Elle annonça, en soupirant, que la députation allait être satisfaite; et bientôt, en effet, la Commission extraordinaire,—poussée, elle aussi, jusque dans ses derniers retranchements,—proposa, par l'organe d'Hérault de Séchelles, un projet de décret dont voici les principales bases:
«Il sera procédé à la formation d'un corps électoral pour nommer les membres d'un Tribunal criminel destiné à juger les crimes commis dans la journée du 10 août courant, et autres crimes y relatifs, circonstances et dépendances.
»Ce tribunal, qui prononcera en dernier ressort, sans recours au tribunal de cassation, sera divisé en deux sections composées chacune de quatre juges, quatre suppléants, un accusateur public, deux greffiers, quatre commis-greffiers et d'un commissaire national, nommé par le pouvoir exécutif provisoire.
»Les deux juges qui auront été élus les premiers, présideront chacun une des sections.
«Le costume et le traitement des membres composant le tribunal créé par le présent décret seront les mêmes que ceux attribués aux membres du Tribunal criminel du département de Paris, etc., etc.»

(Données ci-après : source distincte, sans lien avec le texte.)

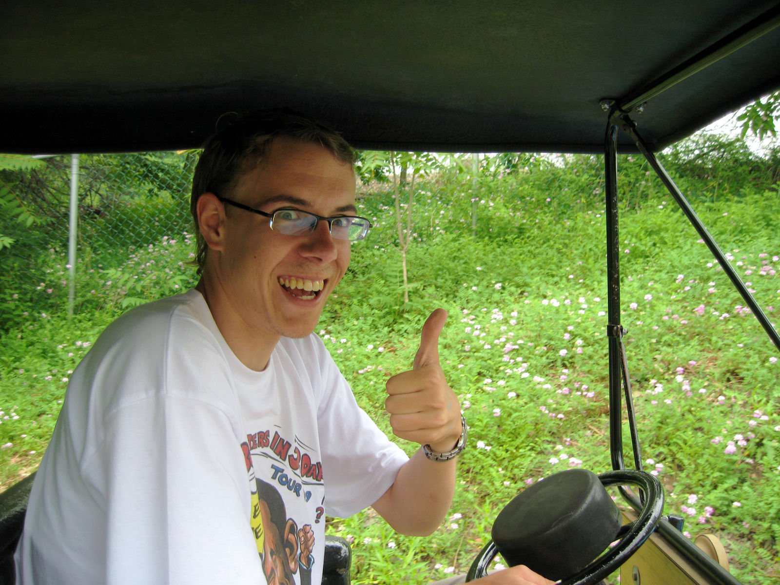Das ganze ist so in etwa eine Mischung von Enterprise, Riesenrad, und Teetassenkarussell. Man zwängt sich in enge Gondeln rein, und sieht vor sich plötzlich ein schickes kleines Rad was nur danach schreit gedreht zu werden. Wenn sich das Teil dann knarzend in Gang setzt und man langsam sich traut mehr zu drehen, fragt man sich auch ob das ganze auch überhaupt hält. Schlußendlich haben wir es etwas mit dem drehen übertrieben und sind beide mit einem schwindligen Kopf ausgestiegen. Aber auch mit der Gewißheit gerade eines der krassesten Fahrgeschäfte gefahren zu sein...

Il n'y avait plus moyen d'éluder.
L'Assemblée législative adopta ce projet de décret, sans discussion. Thuriot lui-même, Thuriot qui s'en était montré l'adversaire le plus chaleureux, demeura muet. Toute protestation eût été stérile en ce moment; son silence confessa l'ascendant de la Commune.
Quoi qu'il en soit, Robespierre ne lui pardonna jamais son opposition d'un instant; et, après le 9 thermidor, on trouva dans ses papiers la note suivante, écrite de sa main: «Thuriot ne fut jamais qu'un partisan d'Orléans; son silence depuis la chute de Danton et depuis son expulsion des Jacobins, contraste avec son bavardage éternel avant cette époque. Il se borne à intriguer sourdement et à s'agiter beaucoup à la Montagne, lorsque le Comité de salut public propose une mesure fatale aux factions. C'est lui qui, le premier, fit une tentative pour arrêter le mouvement révolutionnaire, en prêchant l'indulgence sous le nom de morale, lorsqu'on porta les premiers coups à l'aristocratie.»